这是完全有效的,因为C99,但是它不是任何标准的c++: c++需要数组类型的大小来编译时间常量。在这方面,c++现在比C晚了15年,而且这种情况不会很快改变(c++ 17的可变长度数组建议没有接近C99可变长度数组的功能)。
#6
3
2D C-style arrays in C and C++ are a block of memory of size rows * columns * sizeof(datatype) bytes.
C和c++中的2D C样式数组是一个大小为行*列* sizeof(数据类型)字节的内存块。
The actual [row][column] dimensions exist only statically at compile time. There's nothing there dynamically at runtime!
实际的[row][列]维度仅在编译时静态存在。在运行时没有动态的东西!
So, as others have mentioned, you can implement
因此,正如其他人提到的,您可以实现
int array [ rows ] [ columns ];
As:
为:
int array [ rows * columns ]
Or as:
或者为:
int * array = malloc ( rows * columns * sizeof(int) );
Next: Declaring a variably sized array. In C this is possible:
接下来:声明一个可变大小的数组。在C中,这是可能的:
int main( int argc, char ** argv )
{
assert( argc > 2 );
int rows = atoi( argv[1] );
int columns = atoi( argv[2] );
assert(rows > 0 && columns > 0);
int data [ rows ] [ columns ]; // Yes, legal!

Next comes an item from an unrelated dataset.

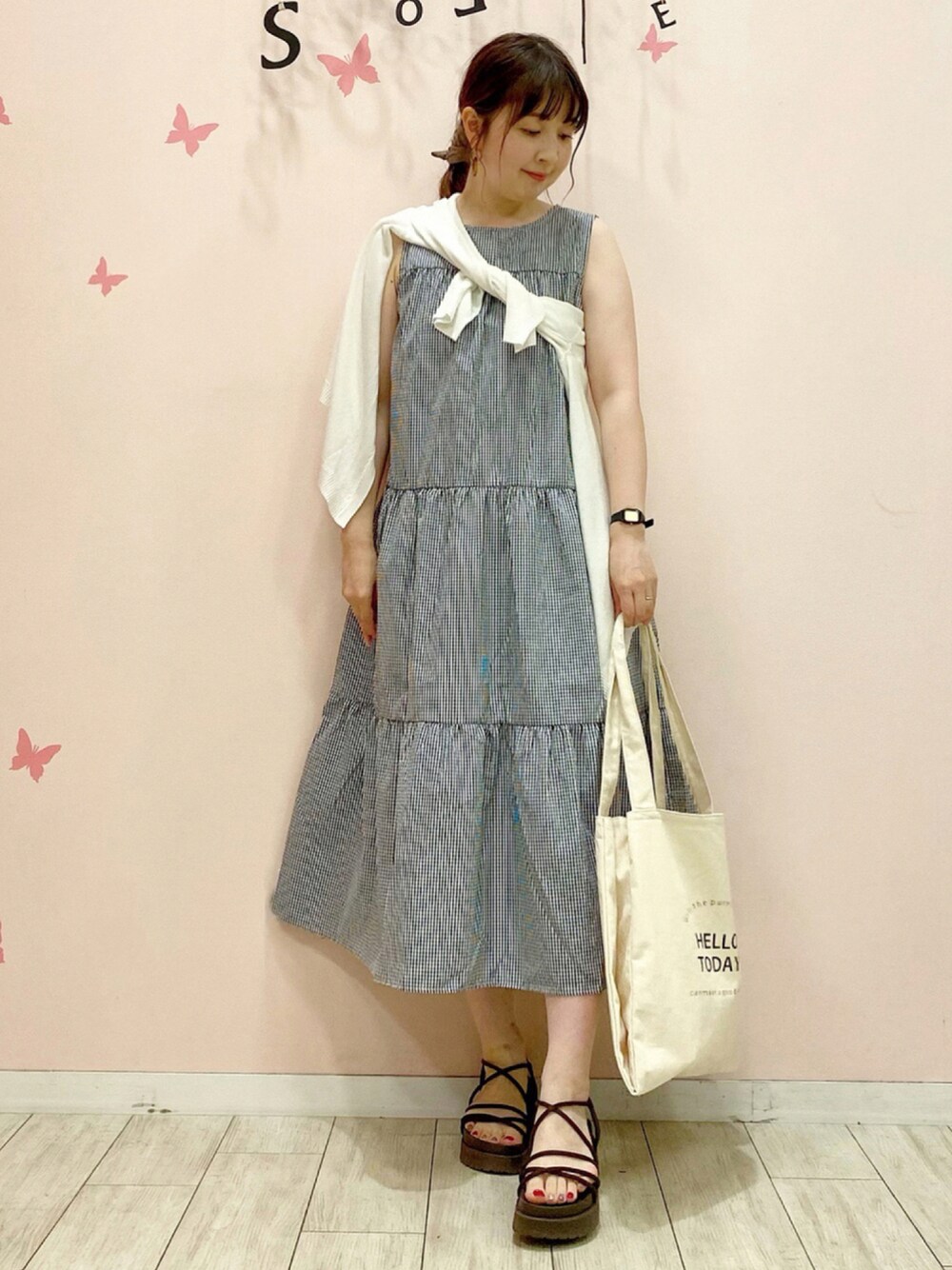 ご覧いただきありがとうございます(*^o^*) いいねやお気に入り+、フォローも ありがとうございます♡ 素敵なフォルダにも入れてくださって ありがとうございます🙇♀️ *WORLD ONLINE STOREの スタイルスナップにも投稿してます♪ 色んなコーデを載せてるので プロフィールのリンク(🖥)から チェックお願いします👀✨ *Instagram→ rina_y26 別ショット📸載せてます♡ こちらもプロフィールからチェック🙏 コーデが溜まってきてるので本日2枚目🙌 ティアードワンピースコーデ♪ Cutie Blondeのティアードワンピースに DRESKIPのカーディガンをたすきがけしました✨ トレンドのティアードワンピース こちらはギンガムチェックの柄が新鮮でした💕😍 バックには結びリボンもついてて可愛いです✨ 後ろからの写真撮りそびれたので また商品詳細から見てみて下さい🙇♀️✨ ハリのある素材でパリッとしていて 裾の広がりが綺麗でオススメです🥰 見てくださってありがとうございます♡

memset( &data, 0, sizeof(data) );
print( rows, columns, data );
manipulate( rows, columns, data );
print( rows, columns, data );
}
In C you can just pass the variably-sized array around the same as a non-variably-sized array:
在C中,你可以将不同大小的数组与非不同大小的数组一样传递给它:
void manipulate( int theRows, int theColumns, int theData[theRows][theColumns] )
{
for ( int r = 0; r < theRows; r ++ )
for ( int c = 0; c < theColumns; c ++ )
theData[r][c] = r*10 + c;
}
However, in C++ that is not possible. You need to allocate the array using dynamic allocation, e.g.:
但是,在c++中,这是不可能的。您需要使用动态分配来分配数组,例如:
int *array = new int[rows * cols]();
or preferably (with automated memory management)
或者更好(使用自动内存管理)
std::vector<int> array(rows * cols);
Then the functions must be modified to accept 1-dimensional data:
然后对函数进行修改,接受一维数据:
void manipulate( int theRows, int theColumns, int *theData )
{
for ( int r = 0; r < theRows; r ++ )
for ( int c = 0; c < theColumns; c ++ )
theData[r * theColumns + c] = r*10 + c;
}
#7
2
If you're using C instead of C++ you might want to look at the Array_T abstraction in Dave Hanson's library C Interfaces and Implementations. It's exceptionally clean and well designed. I have my students do a two-dimensional version as an exercise. You could do that or simply write an additional function that does an index mapping, e.g.,
如果您使用的是C而不是c++,您可能想看看Dave Hanson的库C接口和实现中的Array_T抽象。它特别干净,设计得很好。我让我的学生做一个二维的版本作为练习。你可以这样做,或者简单地写一个做索引映射的函数,例如,
void *Array_get_2d(Array_T a, int width, int height, int i, int j) {
return Array_get(a, j * width, i, j);
}
It is a bit cleaner to have a separate structure where you store the width, the height, and a pointer to the elements.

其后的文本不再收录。